Те из потомства, кого больно царапало клеймо «палач», забыв совесть, катали: «И если бы не противоборство, которое исподволь, а то и открыто велось отцом против сталинских сатрапов, то не сохранить бы ему душу живую, не выйти после смерти деспота с теми выстраданными втайне при нем, поистине демократическими реформами, которые стали первым шагом к краху тоталитарного режима», – про человека, утвердившего автографом не одну тысячу расстрельных списков и задушившего бы сына подушкой за «деспот» и «сатрап».

Не сказав ничего, отцы позволили безнаказанно делать из себя все, что угодно, и сын Лаврентия Берии написал об отце обаятельную книгу: добродушный человек, преданный семьянин (фигурировавший на суде список из полутора сот любовниц – всего лишь прикрытие агентурной работы), политик, мечтавший, чтоб было поменьше крови, а помыслы и приказы его извращали – и все достаточно убедительно, опираясь на известные бумаги и неоспоримые факты.

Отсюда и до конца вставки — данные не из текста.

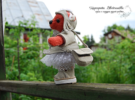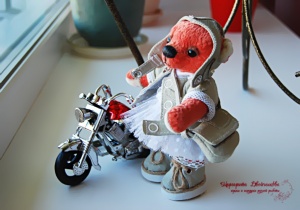 Появилась на свет вот такая яркая, немножко фантазийная, немножко брутальная и в тоже время нежная девочка - мишка Лилу. Выполнена из материала для миниатюры, ладошки и пяточки из миништофа, набита синтепухом и металлическим гранулятом, лапки и голова на шплинтовом креплении, слегка затонирована текстильным маркером. Рост Лилу 16 см. Одета в комплект одежды, состоящий из курточки, шлема, ботиночек (из натуральной замши), платье-сарафан из щёлка с юбочкой из фатина, штанишки из сетки с винтажным кружевом. Сумочка из натуральной замши, повязка на голову, украшенная декоративными цветочками и бусинами. Вся одежда снимается.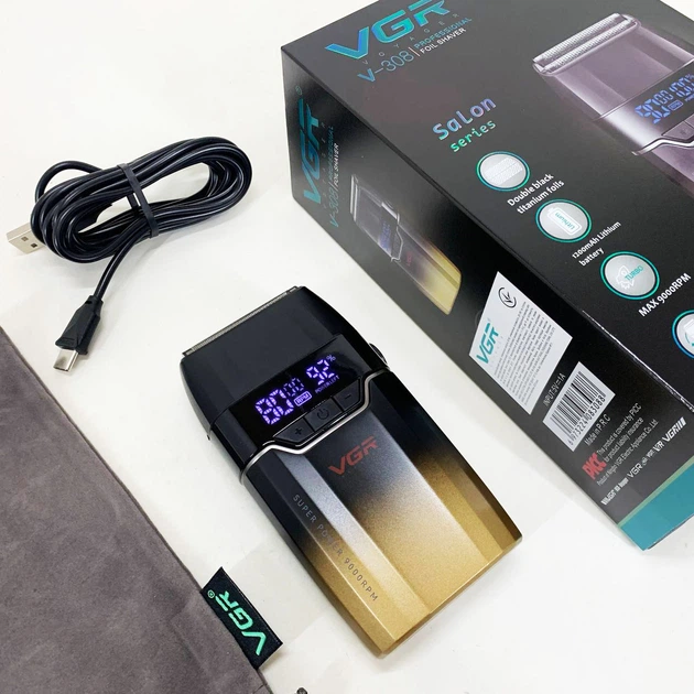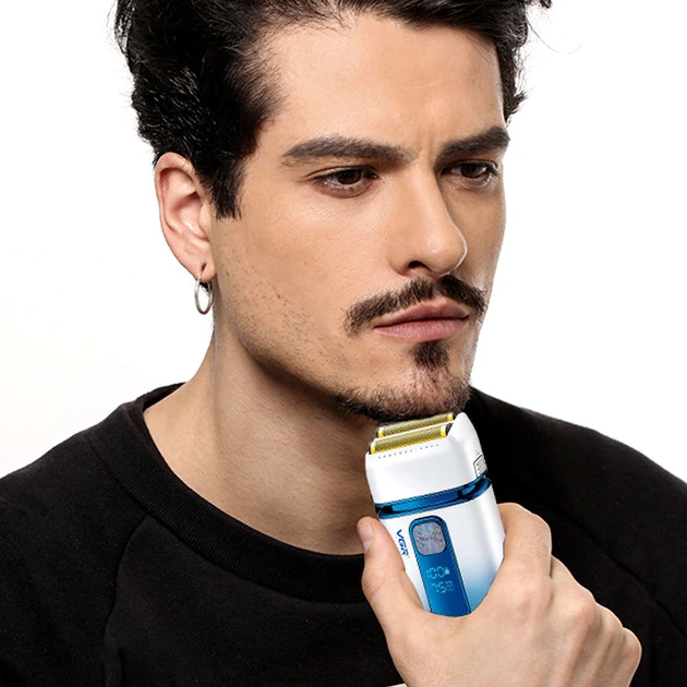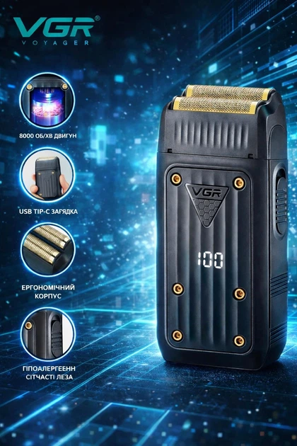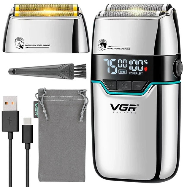 Бритва електрична VGR портативна, акумуляторна, водостійка, подвійна сітка, LED дисплей

Даже дочь императора, когда потребовались деньги: жрать что‑то надо, одеваться, дитя кормить, я сама еще молодая и желания имею, – догулялась до того, что продала за доллары с груди нательный крестик с хорошим разгоном: «Я могу написать о своей жизни в доме с отцом в течение двадцати семи лет; о людях, которые были в этом доме или были к нему близки; о всем том, что нас окружало и составляло уклад жизни; о том, какие разные люди и какие разные стремления боролись в этом укладе». Ты это знаешь? ну, напиши! – а она давила, давила, жала из себя и смогла надоить лишь на тощую книжку пустот: три совместных обеда, две ссоры, несколько сплетен (после смерти отца мне рассказывали…), подробнейшее описание няни и собственной первой любви; еще бессильное разглядывание фотографий (ну хоть что‑то вспомнить на продажу, вот! – «Киров в сорочке, в чувяках»), цитирование писем императора к «Сетанке» младенческих времен и хлипкая, общая для потомства идея: Берия – вот кто во всем виноват, играл, как хотел, стареньким папой. Прожила она (как и все потомство, сверстники В.Шахурина и Н.Уманской) слепо, как глубоководная, пещерная рыба, погруженная в собственную сытную жизнь, не заметив войны и простонародья, утопая в пошлости: «…откуда это во мне такая любовь к России?», с прибавлением: «А мы варвары, каких не сыщешь нигде», с омерзительными прибаутками: «Разве быть честным, порядочным человеком в наше время – не подвиг?»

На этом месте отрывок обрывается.